→ Problem details: Taking the line with "Flower shop at the Ghat." as the first and the line with "3-car Turbostar at" as the last, set down the lines below exactly, pictures excluded.

Collection entries:
Content starts

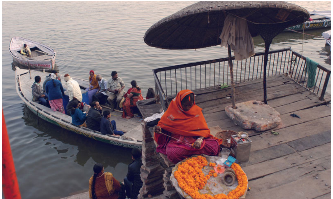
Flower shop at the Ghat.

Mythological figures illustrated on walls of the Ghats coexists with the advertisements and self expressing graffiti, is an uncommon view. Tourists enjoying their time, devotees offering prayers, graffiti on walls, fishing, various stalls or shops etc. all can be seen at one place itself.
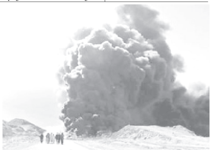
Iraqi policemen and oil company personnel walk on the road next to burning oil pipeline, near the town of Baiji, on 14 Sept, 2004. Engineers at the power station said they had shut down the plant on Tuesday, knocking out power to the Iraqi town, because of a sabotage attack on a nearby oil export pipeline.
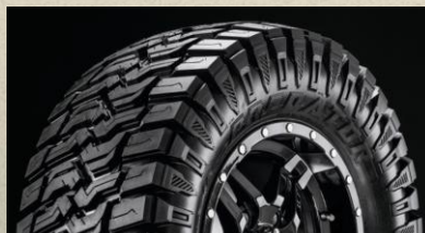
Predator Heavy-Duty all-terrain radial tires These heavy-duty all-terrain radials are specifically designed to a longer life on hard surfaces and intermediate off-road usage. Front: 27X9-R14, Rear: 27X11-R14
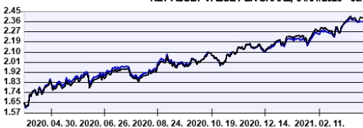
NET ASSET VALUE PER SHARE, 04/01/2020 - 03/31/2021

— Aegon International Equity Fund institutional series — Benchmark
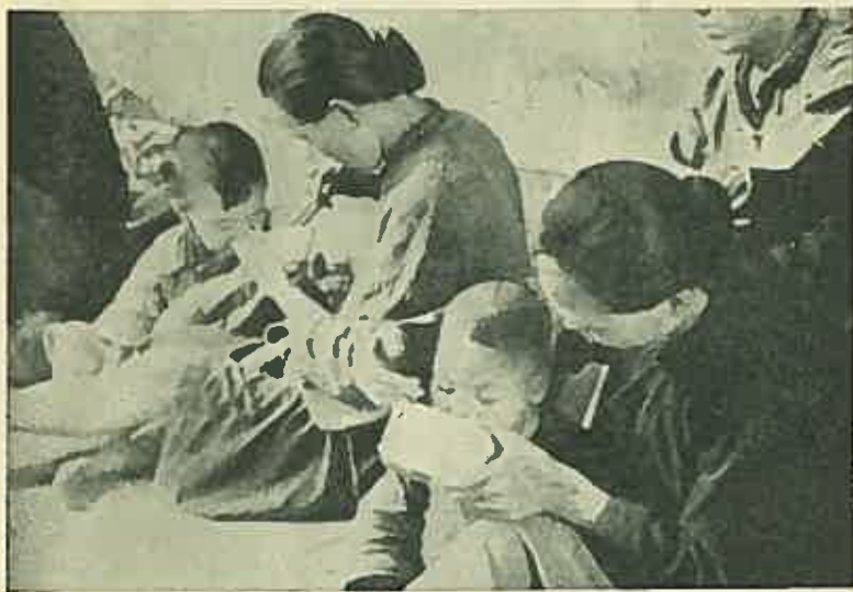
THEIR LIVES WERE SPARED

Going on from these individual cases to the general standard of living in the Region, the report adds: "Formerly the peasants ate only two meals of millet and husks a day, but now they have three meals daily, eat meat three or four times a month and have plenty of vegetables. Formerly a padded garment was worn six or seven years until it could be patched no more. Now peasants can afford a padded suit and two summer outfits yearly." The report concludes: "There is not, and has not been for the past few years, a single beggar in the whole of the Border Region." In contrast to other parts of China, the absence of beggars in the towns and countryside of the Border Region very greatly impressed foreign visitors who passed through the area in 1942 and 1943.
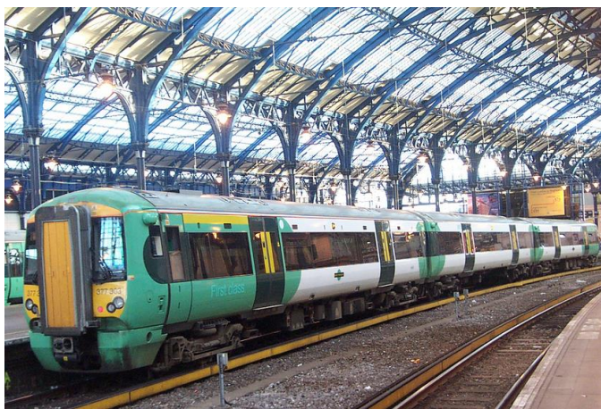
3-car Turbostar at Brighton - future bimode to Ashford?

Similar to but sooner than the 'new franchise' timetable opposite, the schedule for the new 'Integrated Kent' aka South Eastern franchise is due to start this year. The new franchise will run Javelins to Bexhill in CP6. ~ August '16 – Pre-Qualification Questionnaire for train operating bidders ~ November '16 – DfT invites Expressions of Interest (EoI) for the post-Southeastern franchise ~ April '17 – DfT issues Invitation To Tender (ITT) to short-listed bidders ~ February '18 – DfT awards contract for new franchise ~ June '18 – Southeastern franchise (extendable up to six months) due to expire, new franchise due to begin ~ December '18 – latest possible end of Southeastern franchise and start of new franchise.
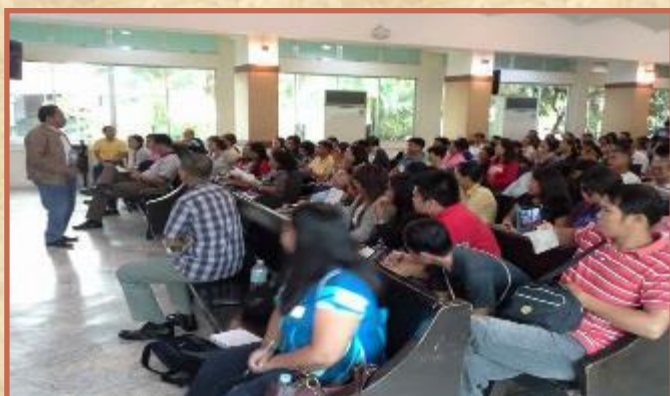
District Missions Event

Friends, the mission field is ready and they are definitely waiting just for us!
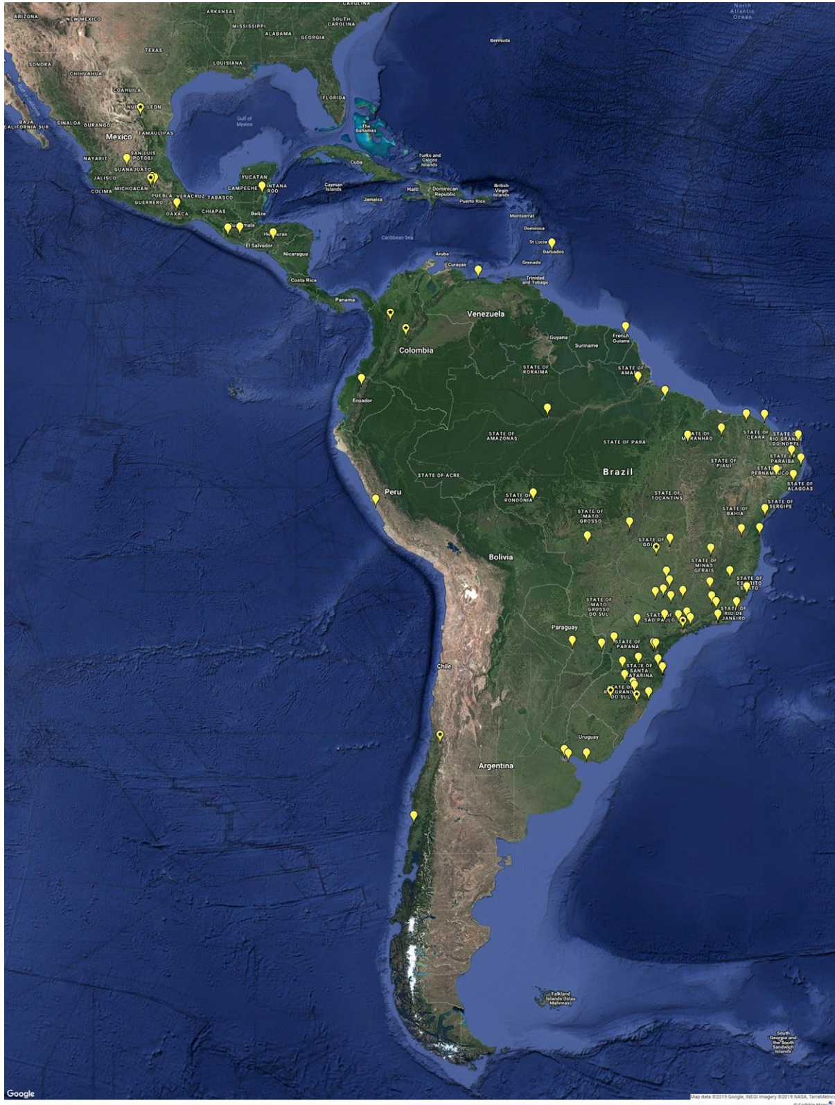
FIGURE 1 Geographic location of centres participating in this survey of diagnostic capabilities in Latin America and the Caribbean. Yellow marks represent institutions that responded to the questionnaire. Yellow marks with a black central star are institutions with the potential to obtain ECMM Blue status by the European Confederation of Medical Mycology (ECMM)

Content ends
Content starts

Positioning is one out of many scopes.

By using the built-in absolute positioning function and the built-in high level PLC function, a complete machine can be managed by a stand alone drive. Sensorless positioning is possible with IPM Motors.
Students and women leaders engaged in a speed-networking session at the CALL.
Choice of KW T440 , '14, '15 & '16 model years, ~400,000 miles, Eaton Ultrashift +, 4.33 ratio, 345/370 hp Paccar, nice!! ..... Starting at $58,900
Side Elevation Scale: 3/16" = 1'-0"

Content ends

→ Answer for this exercise:
Flower shop at the Ghat.

Mythological figures illustrated on walls of the Ghats coexists with the advertisements and self expressing graffiti, is an uncommon view. Tourists enjoying their time, devotees offering prayers, graffiti on walls, fishing, various stalls or shops etc. all can be seen at one place itself.
Iraqi policemen and oil company personnel walk on the road next to burning oil pipeline, near the town of Baiji, on 14 Sept, 2004. Engineers at the power station said they had shut down the plant on Tuesday, knocking out power to the Iraqi town, because of a sabotage attack on a nearby oil export pipeline.
Predator Heavy-Duty all-terrain radial tires These heavy-duty all-terrain radials are specifically designed to a longer life on hard surfaces and intermediate off-road usage. Front: 27X9-R14, Rear: 27X11-R14
NET ASSET VALUE PER SHARE, 04/01/2020 - 03/31/2021

— Aegon International Equity Fund institutional series — Benchmark
THEIR LIVES WERE SPARED

Going on from these individual cases to the general standard of living in the Region, the report adds: "Formerly the peasants ate only two meals of millet and husks a day, but now they have three meals daily, eat meat three or four times a month and have plenty of vegetables. Formerly a padded garment was worn six or seven years until it could be patched no more. Now peasants can afford a padded suit and two summer outfits yearly." The report concludes: "There is not, and has not been for the past few years, a single beggar in the whole of the Border Region." In contrast to other parts of China, the absence of beggars in the towns and countryside of the Border Region very greatly impressed foreign visitors who passed through the area in 1942 and 1943.
3-car Turbostar at Brighton - future bimode to Ashford?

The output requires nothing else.